◆ Given data
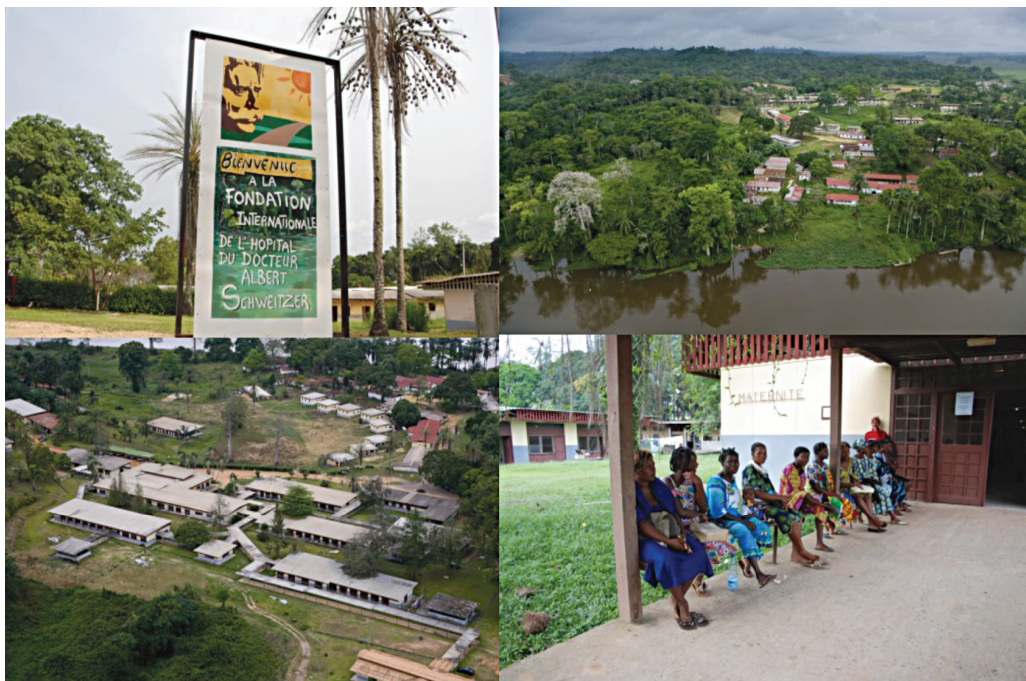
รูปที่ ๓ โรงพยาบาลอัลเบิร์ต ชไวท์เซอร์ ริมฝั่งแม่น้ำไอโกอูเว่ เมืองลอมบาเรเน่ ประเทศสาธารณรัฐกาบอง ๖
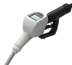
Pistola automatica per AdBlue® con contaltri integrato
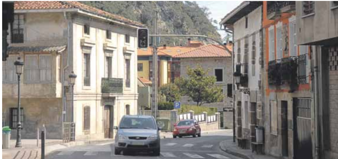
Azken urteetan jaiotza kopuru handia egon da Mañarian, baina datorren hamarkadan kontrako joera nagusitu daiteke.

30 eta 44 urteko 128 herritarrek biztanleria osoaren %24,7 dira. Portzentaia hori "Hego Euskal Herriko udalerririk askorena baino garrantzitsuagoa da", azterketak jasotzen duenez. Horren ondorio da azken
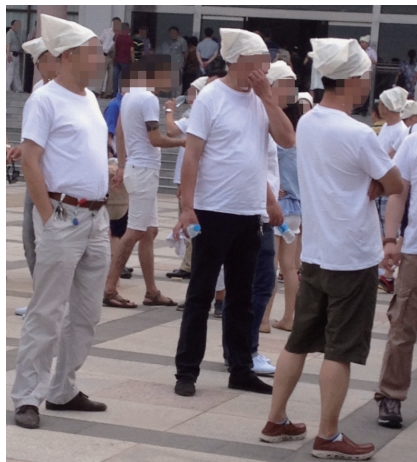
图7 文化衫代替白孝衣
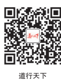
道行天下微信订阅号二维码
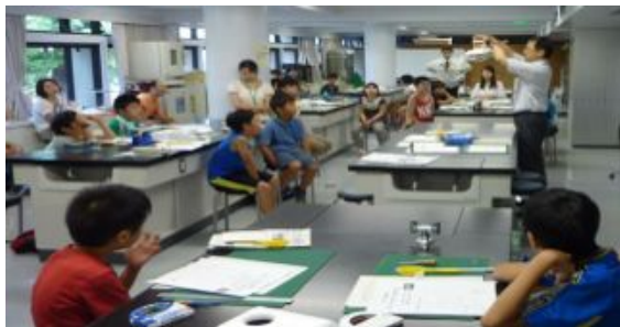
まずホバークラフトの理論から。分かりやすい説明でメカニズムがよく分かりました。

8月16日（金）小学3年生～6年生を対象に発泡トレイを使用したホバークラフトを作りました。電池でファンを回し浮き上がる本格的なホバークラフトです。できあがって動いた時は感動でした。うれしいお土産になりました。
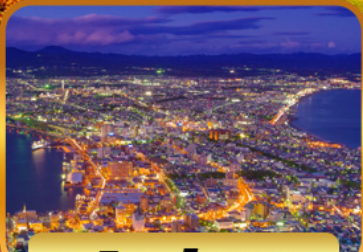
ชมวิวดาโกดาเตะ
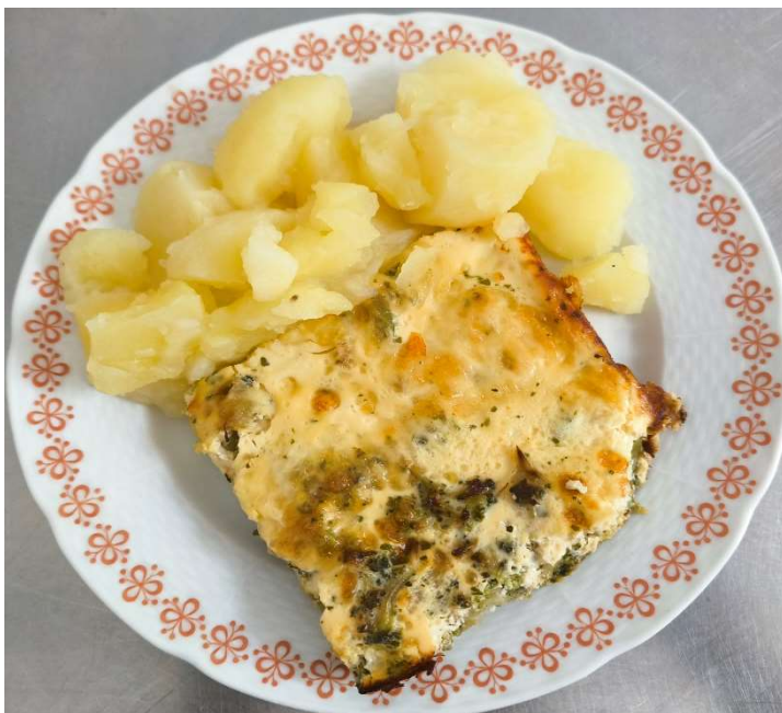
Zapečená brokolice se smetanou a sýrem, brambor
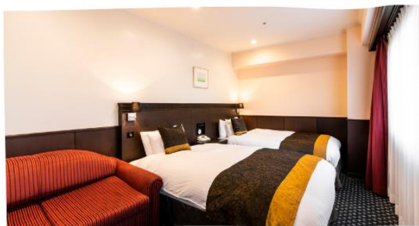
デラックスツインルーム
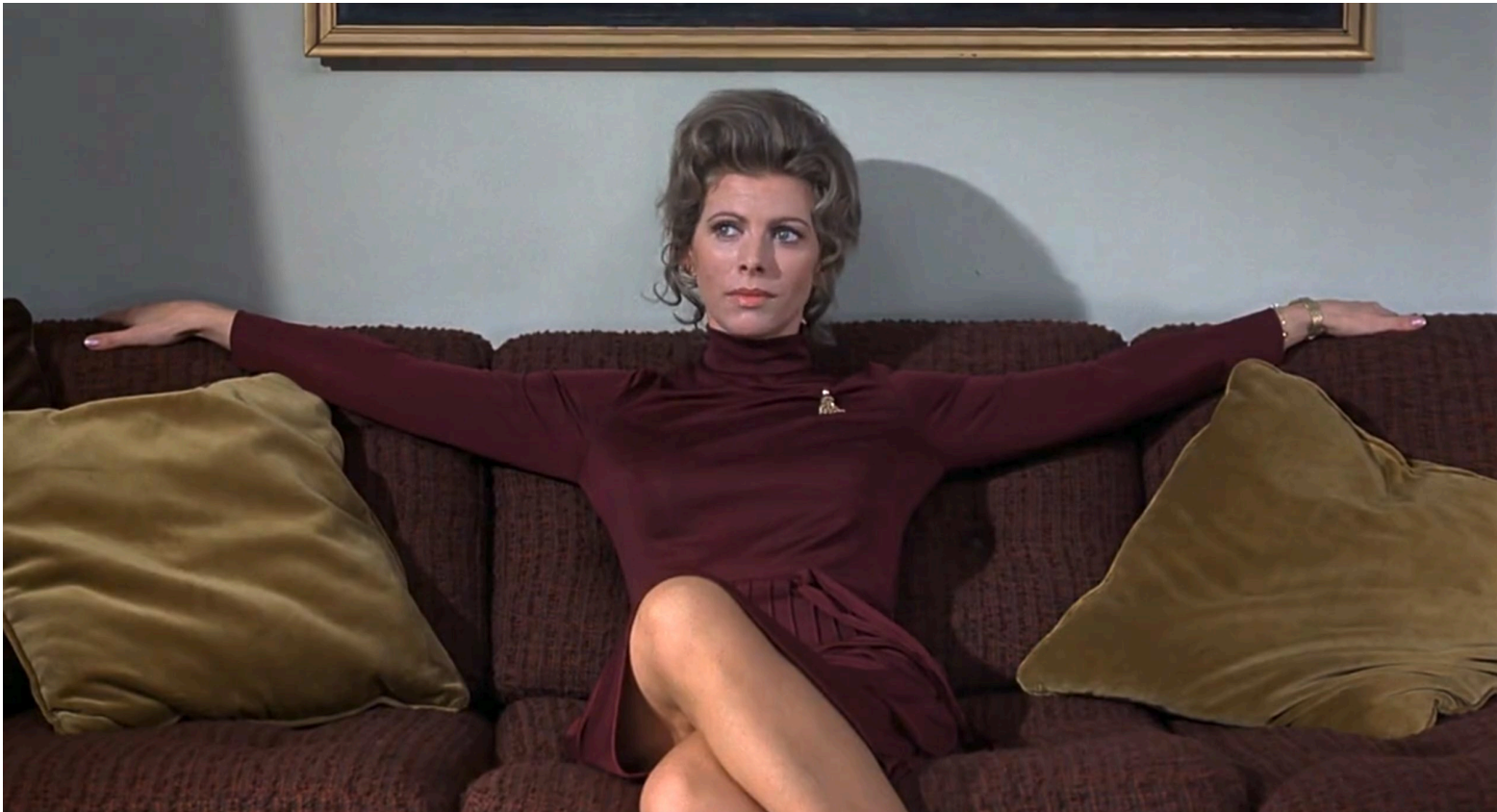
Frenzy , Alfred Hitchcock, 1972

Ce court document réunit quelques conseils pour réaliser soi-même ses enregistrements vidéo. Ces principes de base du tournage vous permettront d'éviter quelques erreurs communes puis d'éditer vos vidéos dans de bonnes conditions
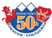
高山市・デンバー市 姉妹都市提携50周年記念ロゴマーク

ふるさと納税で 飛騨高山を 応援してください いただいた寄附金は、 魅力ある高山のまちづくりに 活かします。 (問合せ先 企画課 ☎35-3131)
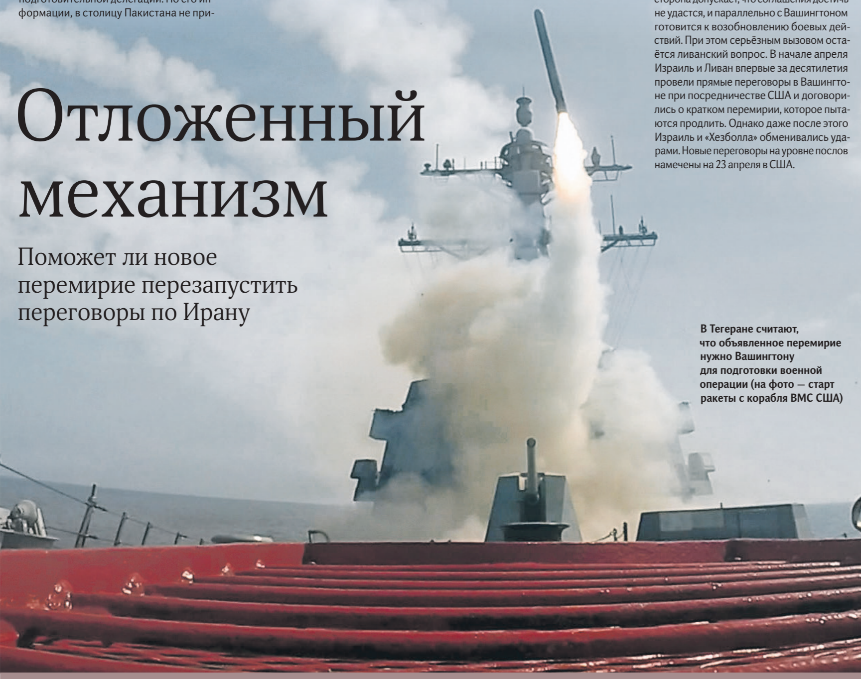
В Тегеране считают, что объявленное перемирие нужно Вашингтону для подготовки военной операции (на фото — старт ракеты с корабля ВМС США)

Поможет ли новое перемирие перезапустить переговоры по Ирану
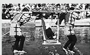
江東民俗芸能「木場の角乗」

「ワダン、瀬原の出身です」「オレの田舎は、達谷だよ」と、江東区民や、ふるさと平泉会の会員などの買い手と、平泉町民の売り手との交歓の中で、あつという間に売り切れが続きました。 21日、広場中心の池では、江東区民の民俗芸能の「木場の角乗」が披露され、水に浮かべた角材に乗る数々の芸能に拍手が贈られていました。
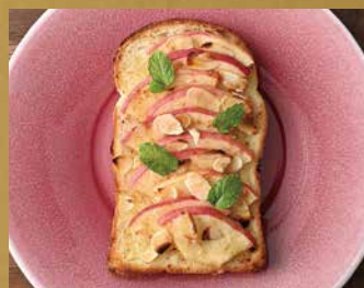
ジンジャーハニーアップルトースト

◆ Task
Pictures are not part of the copy; retype all the other material exactly.

◆ Exercise answer
รูปที่ ๓ โรงพยาบาลอัลเบิร์ต ชไวท์เซอร์ ริมฝั่งแม่น้ำไอโกอูเว่ เมืองลอมบาเรเน่ ประเทศสาธารณรัฐกาบอง ๖
Pistola automatica per AdBlue® con contaltri integrato
Azken urteetan jaiotza kopuru handia egon da Mañarian, baina datorren hamarkadan kontrako joera nagusitu daiteke.

30 eta 44 urteko 128 herritarrek biztanleria osoaren %24,7 dira. Portzentaia hori "Hego Euskal Herriko udalerririk askorena baino garrantzitsuagoa da", azterketak jasotzen duenez. Horren ondorio da azken
图7 文化衫代替白孝衣
道行天下微信订阅号二维码
まずホバークラフトの理論から。分かりやすい説明でメカニズムがよく分かりました。

8月16日（金）小学3年生～6年生を対象に発泡トレイを使用したホバークラフトを作りました。電池でファンを回し浮き上がる本格的なホバークラフトです。できあがって動いた時は感動でした。うれしいお土産になりました。
ชมวิวดาโกดาเตะ
Zapečená brokolice se smetanou a sýrem, brambor
デラックスツインルーム
Frenzy , Alfred Hitchcock, 1972

Ce court document réunit quelques conseils pour réaliser soi-même ses enregistrements vidéo. Ces principes de base du tournage vous permettront d'éviter quelques erreurs communes puis d'éditer vos vidéos dans de bonnes conditions
高山市・デンバー市 姉妹都市提携50周年記念ロゴマーク

ふるさと納税で 飛騨高山を 応援してください いただいた寄附金は、 魅力ある高山のまちづくりに 活かします。 (問合せ先 企画課 ☎35-3131)
В Тегеране считают, что объявленное перемирие нужно Вашингтону для подготовки военной операции (на фото — старт ракеты с корабля ВМС США)

Поможет ли новое перемирие перезапустить переговоры по Ирану
江東民俗芸能「木場の角乗」

「ワダン、瀬原の出身です」「オレの田舎は、達谷だよ」と、江東区民や、ふるさと平泉会の会員などの買い手と、平泉町民の売り手との交歓の中で、あつという間に売り切れが続きました。 21日、広場中心の池では、江東区民の民俗芸能の「木場の角乗」が披露され、水に浮かべた角材に乗る数々の芸能に拍手が贈られていました。
ジンジャーハニーアップルトースト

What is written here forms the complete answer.